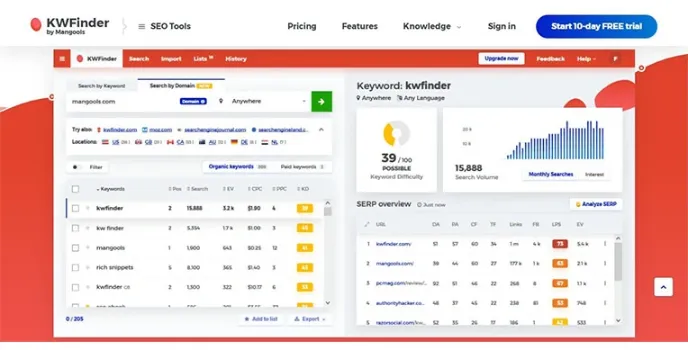 Mangools is a suite of super easy-to-use SEO tools. It includes KWFinder, SERPChecker, SERPWatcher, LinkMiner, and SiteProfiler (+ an SEO browser extension!). So it's not just one tool, Mangools is a brand and consists of 5 tools (bundle) including KWFinder.
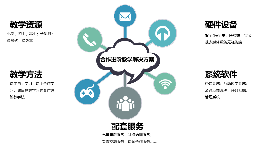 中小學(xué)合作進(jìn)階教學(xué)解決方案,是聚焦課堂教學(xué),通過U伴慧學(xué)智能教學(xué)平臺(tái)貫穿課前-課中-課后教學(xué)全流程,以培養(yǎng)高階思維能力和合作精神為目標(biāo)的中小學(xué)課堂解決方案。U伴慧學(xué)智能教學(xué)平臺(tái)是在北京師范大學(xué)張萍教授的指導(dǎo)下,依據(jù)合作進(jìn)階教學(xué)法,運(yùn)用先進(jìn)的云計(jì)算、大數(shù)據(jù)和人工智能技術(shù),將教學(xué)理念、教學(xué)方法、教學(xué)資源、教學(xué)過程與信息技術(shù)進(jìn)行深度融合,自主研發(fā)的集硬件終端、軟件應(yīng)用、云端數(shù)據(jù)和教學(xué)資源于一體的智能教學(xué)平臺(tái)。希望通過U伴慧學(xué)互動(dòng)高階課堂解決方案的綜合運(yùn)用,能重構(gòu)課堂教學(xué)環(huán)境,促進(jìn)教學(xué)內(nèi)容、課堂組織方式、能力培養(yǎng)重點(diǎn)等的課堂轉(zhuǎn)變。
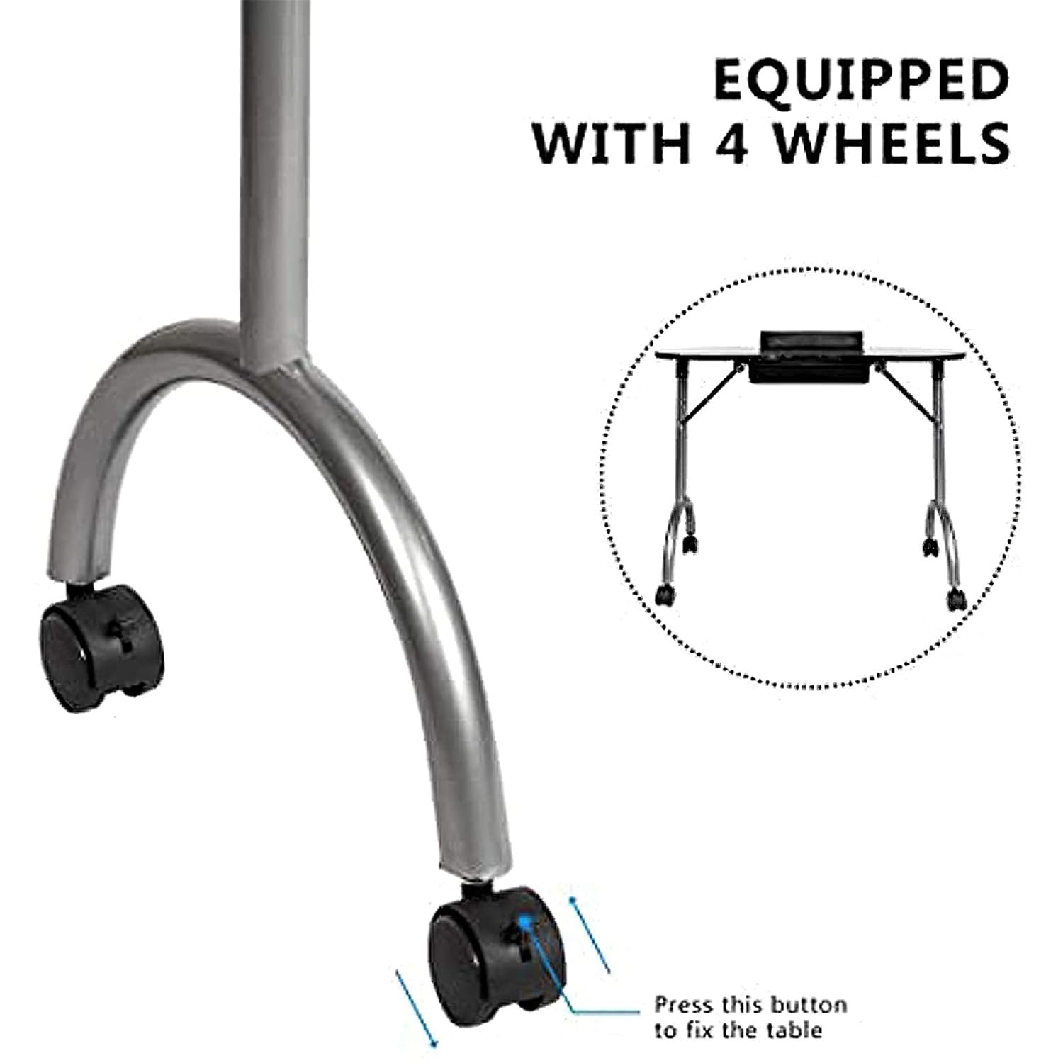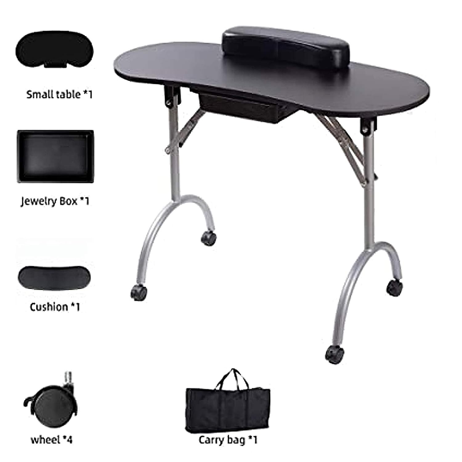 Features 1. Professional design: This nail art table is designed with detachable and super comfortable armrest pads and easy-to-carry folding metal feet. The waterproof zipper bag is convenient for storage and transportation. The corners of the nail table are rounded. , To prevent damage caused by collision. 2. Super strong: the table legs and the tops of the table are fixed with a triangle bracket to make the table more sturdy, without worrying about the table shaking during the manicure process. 3. High-quality materials: This portable manicure table is composed of high-density particleboard, metal legs, plastic drawers and sponge cushions. 4. Movable, foldable, portable, stable: 4 lockable rollers, motion controllable; you can lock the angle and wheels to ensure stability; you can fold it up and put it away when you donât need it. 5. Easy to assemble and light weight: The sturdy portable nail table is very fast and easy to assemble. This most efficient manicure table is perfect for nail art studios at home or traveling nail technicians. Specifications: Product Name: Nail Table Quantity: 1 Pc Color: Black Package Included: 1xNail Table
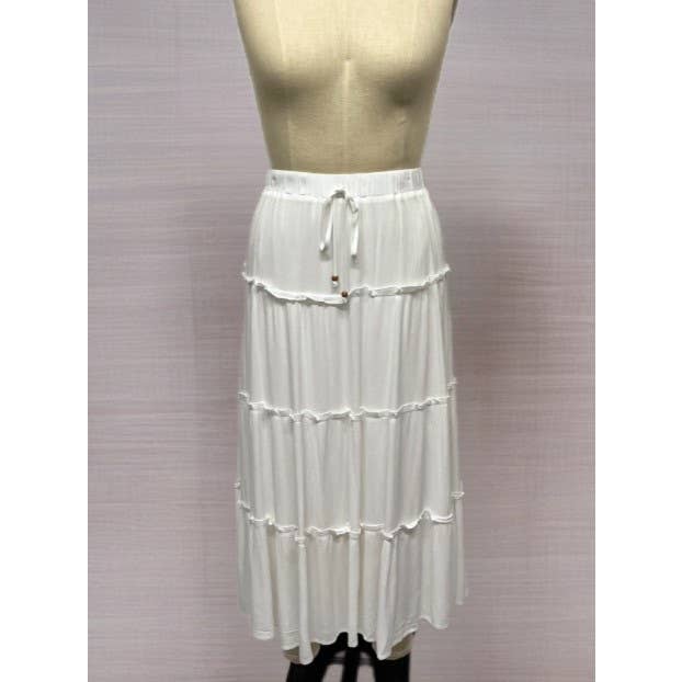 SKU: PC325-5 Made in China Care Instructions: Hand wash Color: White Embellishment: Ruffles Fabric: polyester Fit: Contemporary and Junior Pattern: Solid Skirt & Dress Length: Maxi Skirt Style: Tiered Weight: 2.27 kg (5 lb)
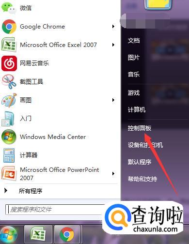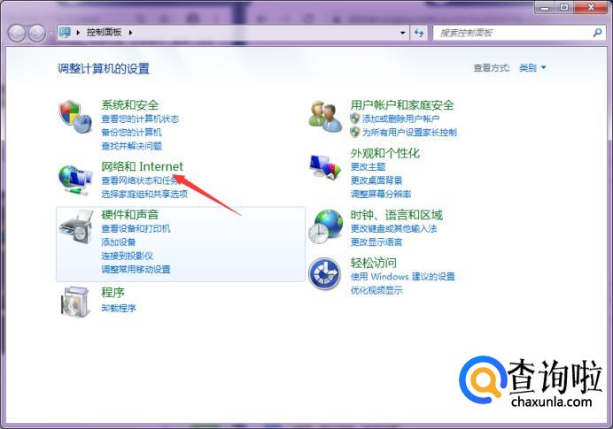 首先,我们单击“开始”菜单,然后找到并点击“控制面板”,然后点击“网络和Internet”。
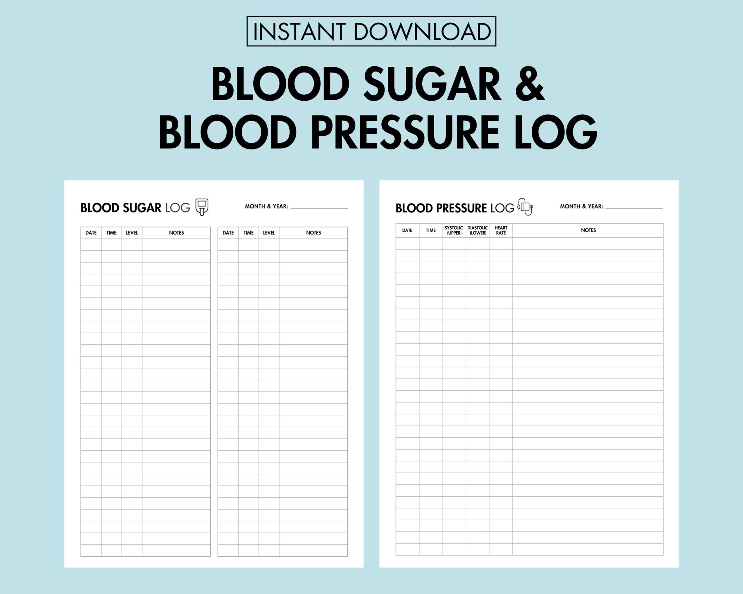 There are many free templates available online that you can download and print at home. These log sheets typically include spaces to record your blood pressure readings, blood sugar levels, date and time of measurement, as well as any notes you may want to add.
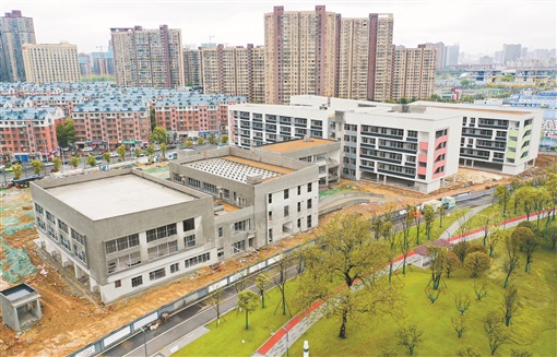 3月22日,长沙市开福区清水塘绿地小学主体已完工,将于今年秋季开学投入使用。今年,开福区将新建开办清水塘绿地小学、史家坡学校等4所学校,新增学位6570个,解决学位紧张问题,化解“大校额”现象,更好地实现义务教育优质均等。 湖南日报全媒体记者 傅聪 摄
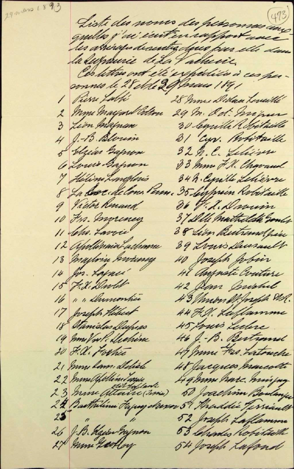 - Ces lettres ont été expédiées à ces personnes les 28 et 29 mars 1891
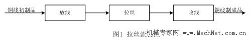 拉丝机,又名牵伸机。从产品终端来说,拉丝机可以分为大拉机、中拉机、小拉机、微拉机;从拉丝机内部控制方式和机械结构来说,又可以分为水箱式、滑轮式、直进式等主要的几种。对于不同要求,不同精度规则的产品,不同的金属物料,可选择不同规格的拉丝机械。对电线电缆生产企业,双变频控制的细拉机应用比较广泛,相对而言,其要求的控制性能也较低,而对大部分钢丝生产企业,针对材料特性,其精度要求和拉拔稳定度高,因此使用直进式拉丝机较多。尽管拉丝工艺不同,但其工作过程基本相同(如下图):
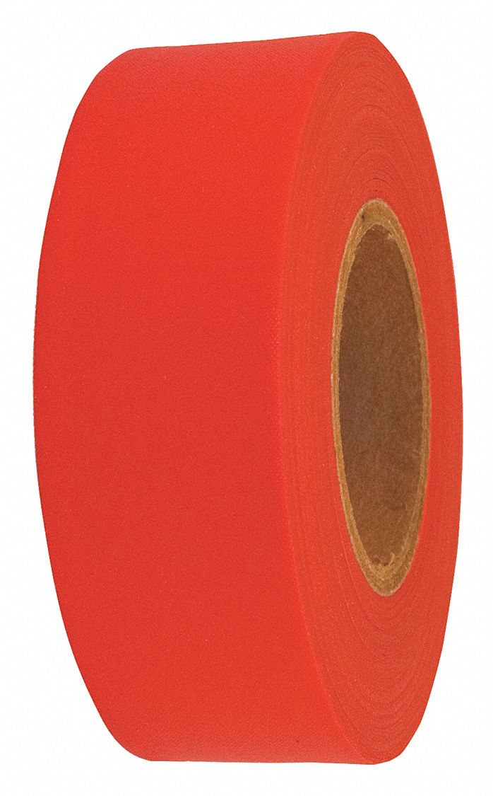 GRAINGER APPROVED Flagging Tape, Fluorescent Red, 1 3/16 in x 300 ft, Blank 1EC231EC23 Grainger
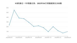 2024年3月,K5凯酷销量为97辆,同比下降59.07%,环比增长44.78%。2023年03月-2024年03月份,K5凯酷销量为3021辆,同比下降52.37%。
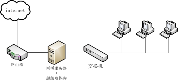 “网桥”使用两块网卡,可以透明串接在网络中,不需要修改其他电脑的配置就可以对网络进行监控管理。
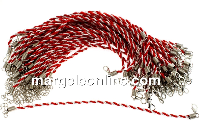 Bratara snur martisor, culoare: alb si rosu, grosime: 3mm, lungime: 20cm. Pretul se refera la 20 bucati.
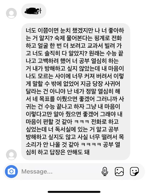 참고로 우리 학년 확진자 나와서 학교 안감… 그리고 이미 둘다 서로 좋아하는거 눈치 깠었음 수능 끝날때까지 눈치게임만 할줄 알았는데 얘가 고백해벌임…! ㅋㅋㅋㅋㅋㅋㅋㅋ아행복해
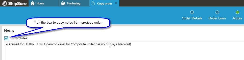 - From within the Purchasing tab, select an order from the list on the left, then click the Copy Order button at the top of the screen.
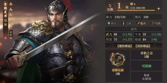 主动术法【贪狼之志】,己方队伍每次发动追击或主动类技能,都有概率获得一层利刃,目标队伍概率获得一层易伤。优点是一旦同时触发两种效果(尤其是在连击体系中),武力增伤的幅度会非常大。缺点是触发效果需要发动技能,跟赵公明、苏全忠等普攻/造成伤害就能施加状态的武将相比,鄂顺叠层速度相对较慢。满级30%的独立判定概率也不如前者稳定。
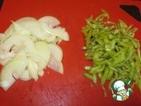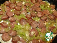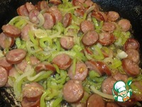 Пока жарятся овощи, нарежем колбаски колечками... |

WHAT TO PRODUCE:
Produce an exact reproduction of the listing above, limited to the lines starting at the line with "- Ces lettres" and ending at the line with "참고로 우리 학년 확진자", both kept, with every picture left out.

SOLUTION TO THIS EXERCISE:
 - Ces lettres ont été expédiées à ces personnes les 28 et 29 mars 1891
 拉丝机,又名牵伸机。从产品终端来说,拉丝机可以分为大拉机、中拉机、小拉机、微拉机;从拉丝机内部控制方式和机械结构来说,又可以分为水箱式、滑轮式、直进式等主要的几种。对于不同要求,不同精度规则的产品,不同的金属物料,可选择不同规格的拉丝机械。对电线电缆生产企业,双变频控制的细拉机应用比较广泛,相对而言,其要求的控制性能也较低,而对大部分钢丝生产企业,针对材料特性,其精度要求和拉拔稳定度高,因此使用直进式拉丝机较多。尽管拉丝工艺不同,但其工作过程基本相同(如下图):
 GRAINGER APPROVED Flagging Tape, Fluorescent Red, 1 3/16 in x 300 ft, Blank 1EC231EC23 Grainger
 2024年3月,K5凯酷销量为97辆,同比下降59.07%,环比增长44.78%。2023年03月-2024年03月份,K5凯酷销量为3021辆,同比下降52.37%。
 “网桥”使用两块网卡,可以透明串接在网络中,不需要修改其他电脑的配置就可以对网络进行监控管理。
 Bratara snur martisor, culoare: alb si rosu, grosime: 3mm, lungime: 20cm. Pretul se refera la 20 bucati.
 참고로 우리 학년 확진자 나와서 학교 안감… 그리고 이미 둘다 서로 좋아하는거 눈치 깠었음 수능 끝날때까지 눈치게임만 할줄 알았는데 얘가 고백해벌임…! ㅋㅋㅋㅋㅋㅋㅋㅋ아행복해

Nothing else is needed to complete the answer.